Agreed Allen – if it weren’t for my calendar, and a fierce commitment to following it, I’d get nothing done.
One of my biggest challenges is balancing time on my projects against time with my kids. They’re young, time is always fleeting – but when I don’t work on my personal projects, I’m not living the example of balance I want them to learn, nor am I taking the actions that help prepare for their financial needs in the future. I am a better dad when I take reasonable time to honor my needs and passions. Not to say that I don’t consistently battle the challenges of guilt and distraction. But when I have my head and heart right, I’m 100% invested in my passion when it is my present, and I’m 100% invested in my kids when they are my present.
Thank you as always for your readership and support, Allen!
Thank you, James and Allen. Invaluable information. I actually had a couple of instances this past week where 5 minutes was all I had. It felt great taking using that time and did make a difference. Another day I ended up taking an hour as I had additional time and was already in the mind set. Allen, would you mind sharing your “digital calendar”?

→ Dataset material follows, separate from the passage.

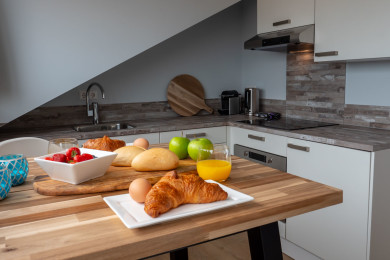 Die voll ausgestattete Küche macht es Ihnen leicht, eine köstliche Mahlzeit zuzubereiten. Die Küche verfügt über einen Kühlschrank, eine Mikrowelle, einen Wasserkocher und eine Nespresso-Kaffeemaschine.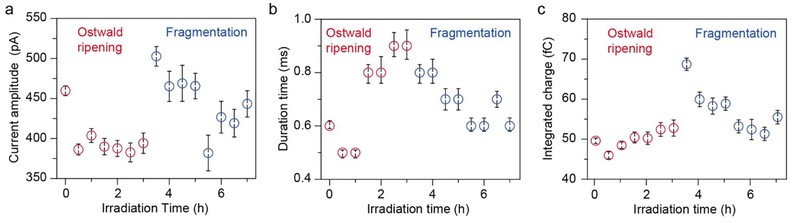 进一步,通过调控反应物银离子浓度改变纳米颗粒化学势差,调节颗粒间动态化学通讯过程,控制纳米颗粒集体的光化学反应路径。单颗粒随机碰撞电化学实验依次遍历表征溶液中的单个银纳米颗粒,发现纳米颗粒尺寸先增大后减小,表明先经历Ostwald ripening(奥斯特瓦尔德熟化),随后发生光诱导Coulomb explosion(库伦爆炸)过程。

Step by step Dorothy, you’ve got this!
I’m sure Allen’s calendar style is different from mine, but I follow Michael Hyatt’s time blocking: http://michaelhyatt.com/ideal-week.html
This gives me establish rhythms, sacred times, consistency, and a schedule my day job boss, wife, kids, and friends can understand and count on.
Gustave Vlaubert said “Be regular and orderly in your life so that you may be violent and original in your work.”
Tim Ferriss (of course) has some great productivity hacks here as well: http://fourhourworkweek.com/2013/11/03/productivity-hacks/
Three of the most influential books that have affected how I invest my time are: The Morning Miracle, 7 Habits of Highly Successful People, and Getting Things Done (though I don’t follow David’s GTD system, there are so many powerful tactics and ideas to implement).
I hope this helps Dorothy! I look forward to hearing your stories!